Lionel Shriver's novels include The New Republic, the National Book Award finalist So Much for That, the New York Times bestseller The Post-Birthday World, and the Orange Prize winner We Need to Talk About Kevin. Her journalism has appeared in the Guardian, the New York Times, the Wall Street Journal, and many other publications. She lives in London and Brooklyn, New York.

Biography

At age seven, Lionel Shriver decided she would be a writer. In 1987, she made good on her promise with The Female of the Species, a debut novel that received admiring reviews. Shriver's five subsequent novels were also well-received; but it was her seventh, 2003's We Need to Talk About Kevin, that turned her into a household name.

Beautiful and deeply disturbing, ...Kevin unfolds as a series of letters written by a distraught mother to her absent husband about their son, a malevolent bad seed who has embarked on a Columbine-style killing spree. Interestingly enough, when Shriver presented the book proposal to her agent, it was rejected out of hand. She shopped the novel around on her own, and eight months later it was picked up by a smaller publishing company. The novel went on to win the 2005 Orange Prize, a UK-based award for female authors of any nationality writing in English.

A graduate of Columbia University, Shriver is also a respected journalist whose features, op-eds, and reviews have appeared in such publications as The Guardian, The New York Times, the Wall Street Journal, the Financial Times, and the Economist. Since her breakthrough book, she has continued to produce bestselling fiction and gimlet-eyed journalism in equal measure.

Good To Know

In our interview, Shriver shared some interesting anecdotes about herself with us:

"I am not as nice as I look."

"I am an extremely good cook -- if inclined to lace every dish from cucumber canapés to ice cream with such a malice of fresh chilies that nobody but I can eat it."

"I am a pedant. I insist that people pronounce ‘flaccid' as ‘flaksid,' which is dictionary-correct but defies onomatopoeic instinct and annoys one and all. I never let people get away with using ‘enervated‘ to mean ‘energized,‘ when the word means without energy, thank you very much. Not only am I, apparently, the last remaining American citizen who knows the difference between 'like' and ‘as,‘ but I freely alienate everyone in my surround by interrupting, ‘You mean, as I said.' Or, 'You mean, you gave it to whom,' or ‘You mean, that's just between you and me. ' I am a lone champion of the accusative case, and so –- obviously -- have no friends."

"Whenever I mention that, say, I run an eight-and-a half-mile course around Prospect Park in Brooklyn, or a nine-mile course in Hyde Park and Kensington Gardens in London, I inevitably invite either: ‘Huh! I only run five! Who does she think she is? I bet she's slow. Or I bet she's lying.' Or: ‘Hah! What a slacker. That's nothing. I run marathons in under two and a half hours!' So let's just leave it that I do not do this stuff for ‘fun,' since anyone who tells you they get ‘high' on running is definitely lying. Rather, if I did not force myself to trudge about on occasion, I would spend all day poking at my keyboard, popping dried gooseberries, and in short order weigh 300 pounds. In which event I would no longer fit through the study door, and I do not especially wish to type hunched over the computer on the hall carpet."
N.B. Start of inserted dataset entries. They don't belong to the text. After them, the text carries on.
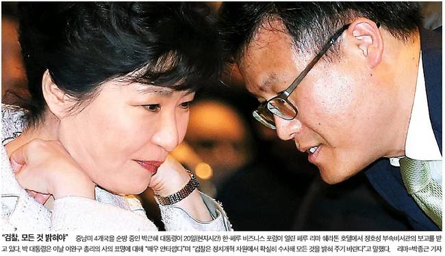 세계일보와 중앙일보는 중남미 4개국을 순방 중인 박근혜 대통령이 20일(현지시각) 페루 리마 쉐라톤 호텔에서 정호성 부속비서관의 보고를 받고 있는 사진을 1면에 보도했다. 박 대통령은 이날 이완구 총리의 사의 표명에 대해 “매우 안타깝다”며 “검찰은 정치개혁 차원에서 확실히 수사해 모든 것을 밝혀 주기 바란다”고 말했다고 중앙일보는 전했다.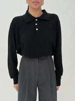 Prezzo unitario perRobi è alta 1.63, solitamente indossa taglia XS, il maglione polo è taglia unica, veste fino a taglia L, elasticizzato, lunghezza regolare, il colletto presenta tre bottoni veri.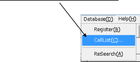 Click the [Database]/[CallList] commands.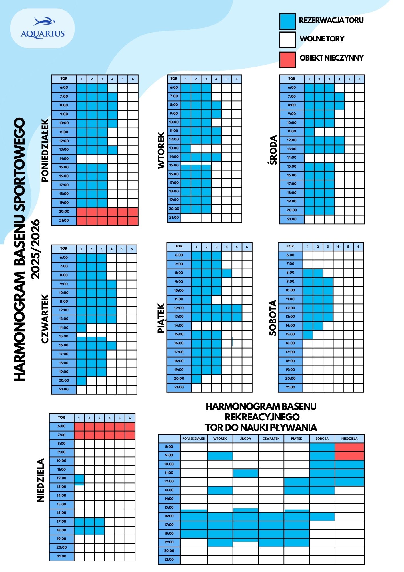 ZAPRASZAMY DO ZAPOZNANIA SIĘ Z HARMONOGRAMAMI REZERWACJI W OBIEKCIE AQUARIUS KOPERNIK ZABRZAŃSKIEGO KOMPLEKSU REKREACJI!

"My tennis game is deplorable."

"Most people think I'm working on my new novel, but I'm really spending most of 2004 getting up the courage to finally dye my hair."

"I read every article I can find that commends the nutritional benefits of red wine -- since if they're right, I will live to 110."

"Though raised by Aldai Stevenson Democrats, I have a violent, retrograde right-wing streak that alarms and horrifies my acquaintances in New York. And I have been told more than once that I am ‘extreme.' "

"As I run down the list of my preferences, I like dark roast coffee, dark sesame oil, dark chocolate, dark-meat chicken, even dark chili beans -- a pattern emerges that, while it may not put me on the outer edges of human experience, does exude a faint whiff of the unsavory."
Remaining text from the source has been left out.